**Data provided**

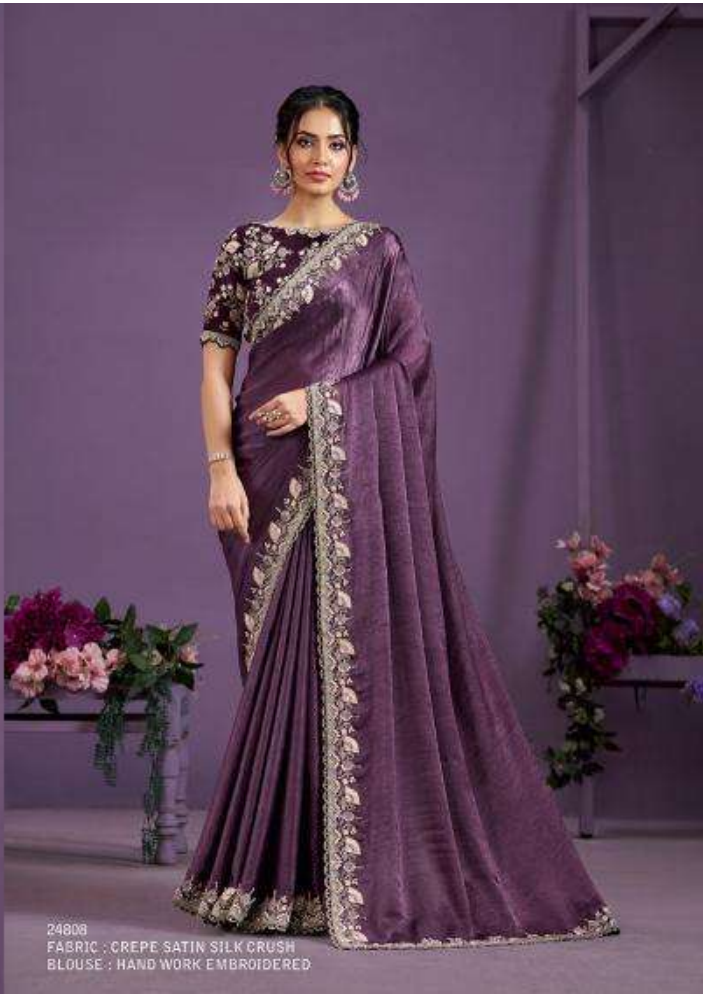
24808 FABRIC : CREPE SATIN SILK CRUSH BLOUSE : HAND WORK EMBROIDERED
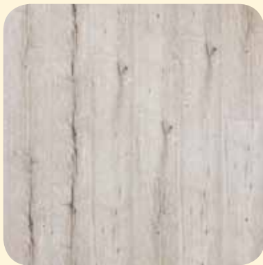
OLD OAK GREY BRUSHED CXF073
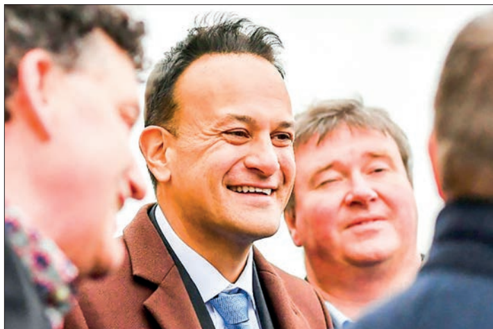
Ireland's deputy premier Leo Varadkar takes over as prime minister on Saturday under a coalition deal.

LEO Varadkar takes over for the second time as Ireland's prime minister this weekend, in a handover of power between the two main political partners in the three-party governing coalition.

**Instructions to follow**
Search the data for the string "coalition" and copy out every line where it is found.

**Solution for this task**
Ireland's deputy premier Leo Varadkar takes over as prime minister on Saturday under a coalition deal.
LEO Varadkar takes over for the second time as Ireland's prime minister this weekend, in a handover of power between the two main political partners in the three-party governing coalition.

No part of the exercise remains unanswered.